- Exercise instructions
Reproduce exactly the lines below, from the first one through the line containing "13 & 14 Little", and omit any pictures.

# # # # #

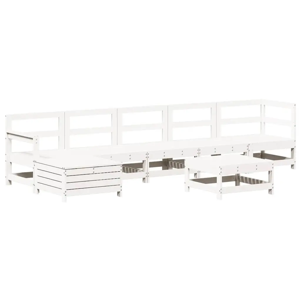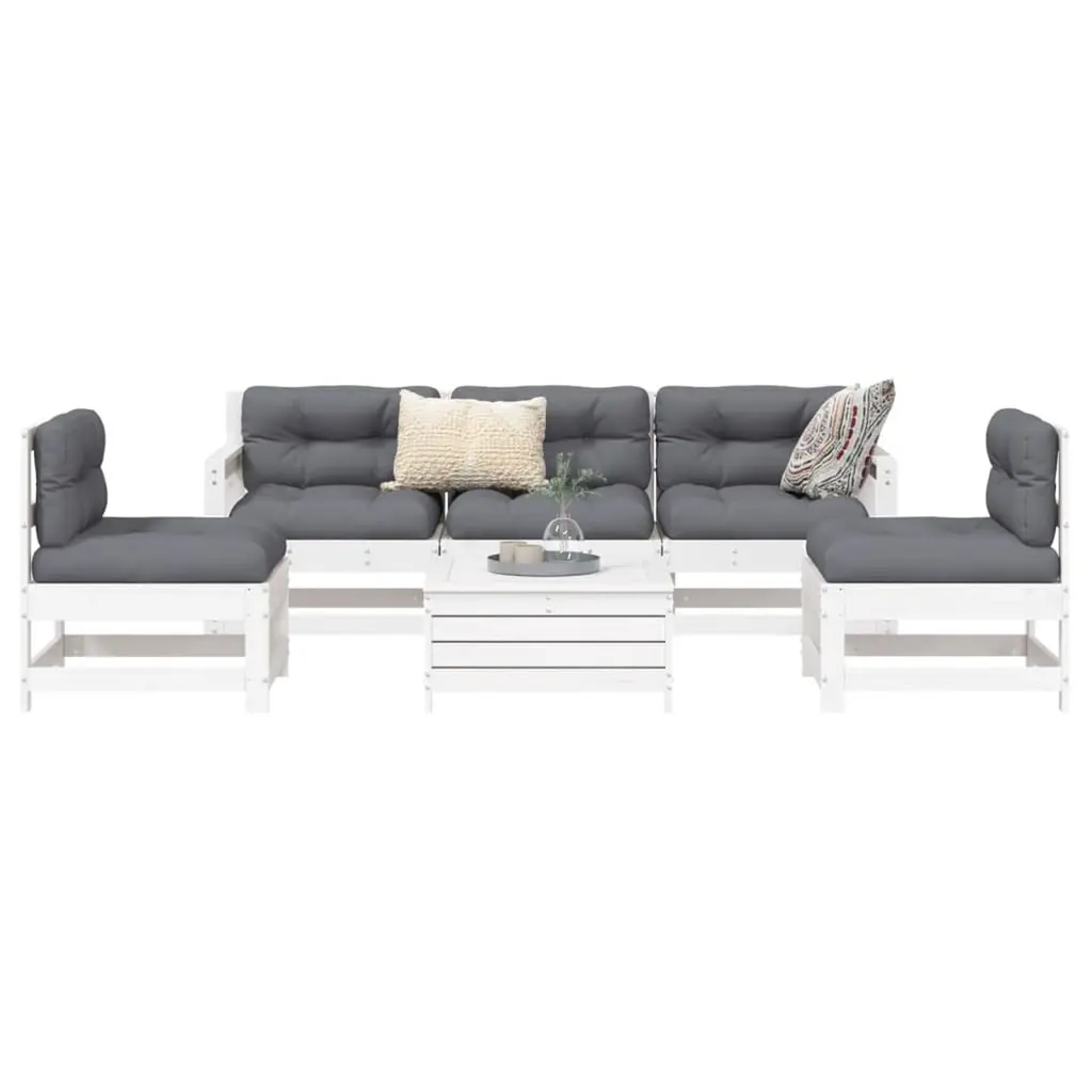 Vidaxl Garden Sofa Set White Solid Pine Wood 6 Piece Set Modular
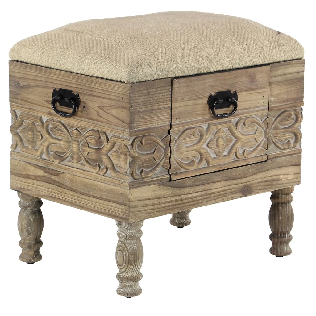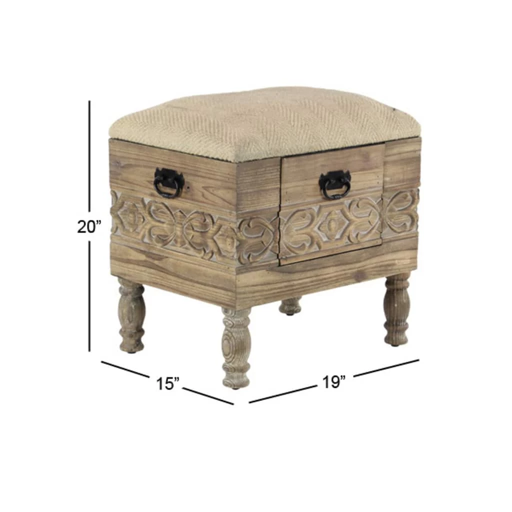 This brown farmhouse storage stool combines organization and comfort. Display anywhere inside your home and get cozy while being organized. Organizing isn’t boring when you have an amazing storage unit at your disposal. Filled with shoes, books, blankets and more, these storage units are a stylish and convenient way to store your stuff. Designed with rubber stoppers at the base that prevent scratching furniture and table tops, as well as sliding around. This item comes shipped in one carton.
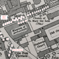 13 & 14 Little St Mary's Lane CambridgeRoyal Commission Survey of Cambridge 1959: probably of the same build [ as no.12]. It was separated into two tenements and a chimney stack inserted in the N wall of the W tenement in the 18th century or later; the stack contains older reused brick.
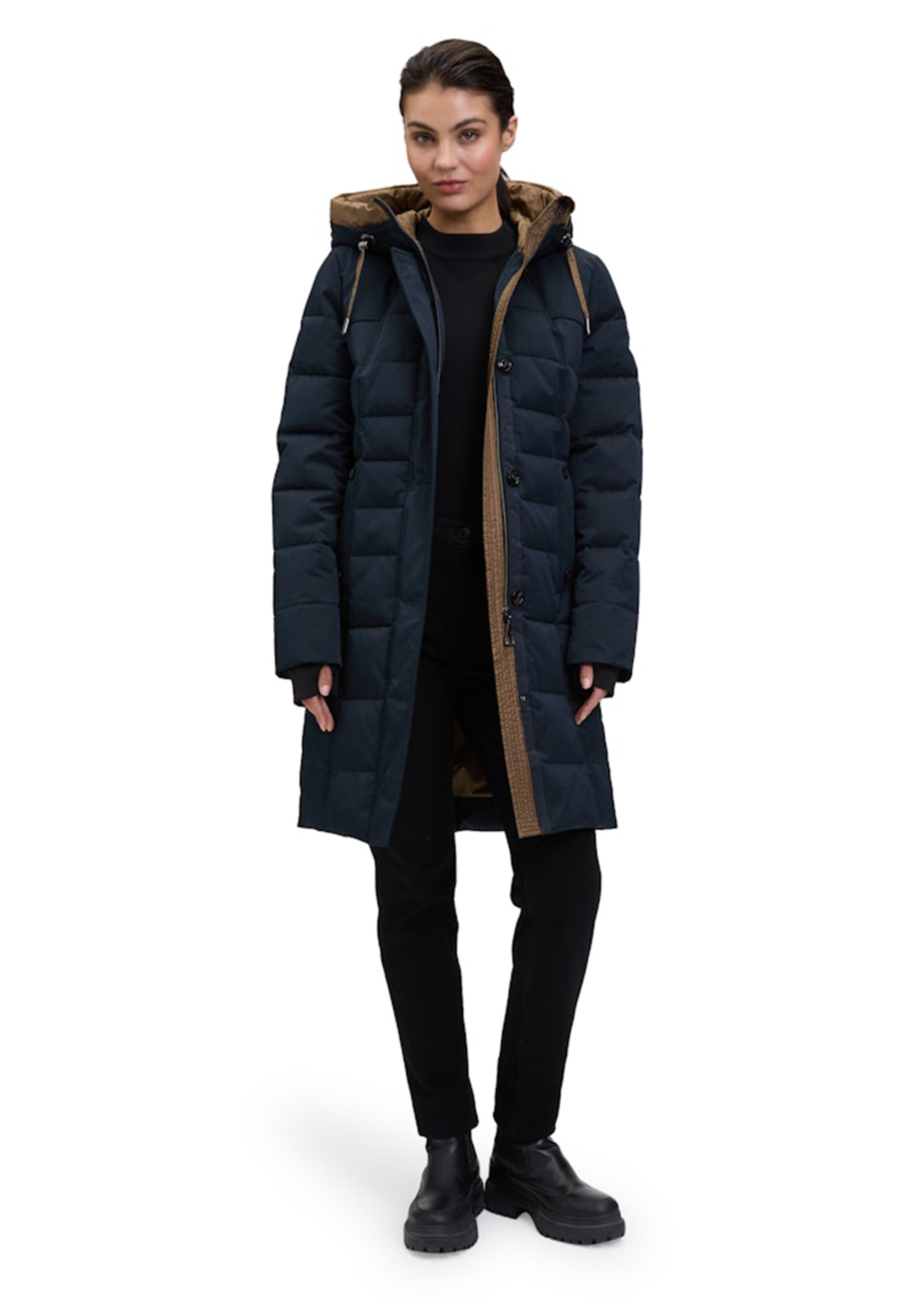 Doorgestikte mantel met capuchon van GIL BRET: de vulling van imitatiedons houdt u net zo warm als echt dons. Een must-have voor de winter! De iets uitlopende A-lijn met vormgevende deelnaden geeft deze dik gewatteerde jas een elegante uitstraling. De ritssluiting en knoopsluiting beschermen goed tegen weer en wind. Ook de jersey boord onder aan beide mouwen houdt de kou tegen. Steekzakken met een warme voering voor altijd warme handen. Met binnenzak in de voering. Lengte ca. 94 cm in maat 46.
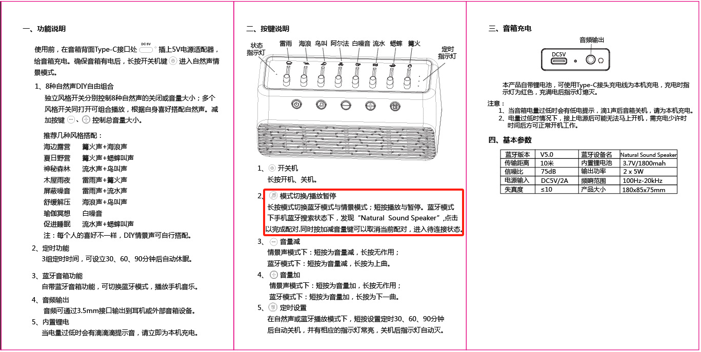 长按♫模式切换蓝牙模式与情景模式;短按播放与暂停。蓝牙模式下手机蓝牙搜索状态下,发现“Natural Sound Speaker”,点击以完成配对.同时按加减音量键可以取消当前配对,进入待连接状态

# # # # #

- Solution
 Vidaxl Garden Sofa Set White Solid Pine Wood 6 Piece Set Modular
 This brown farmhouse storage stool combines organization and comfort. Display anywhere inside your home and get cozy while being organized. Organizing isn’t boring when you have an amazing storage unit at your disposal. Filled with shoes, books, blankets and more, these storage units are a stylish and convenient way to store your stuff. Designed with rubber stoppers at the base that prevent scratching furniture and table tops, as well as sliding around. This item comes shipped in one carton.
 13 & 14 Little St Mary's Lane CambridgeRoyal Commission Survey of Cambridge 1959: probably of the same build [ as no.12]. It was separated into two tenements and a chimney stack inserted in the N wall of the W tenement in the 18th century or later; the stack contains older reused brick.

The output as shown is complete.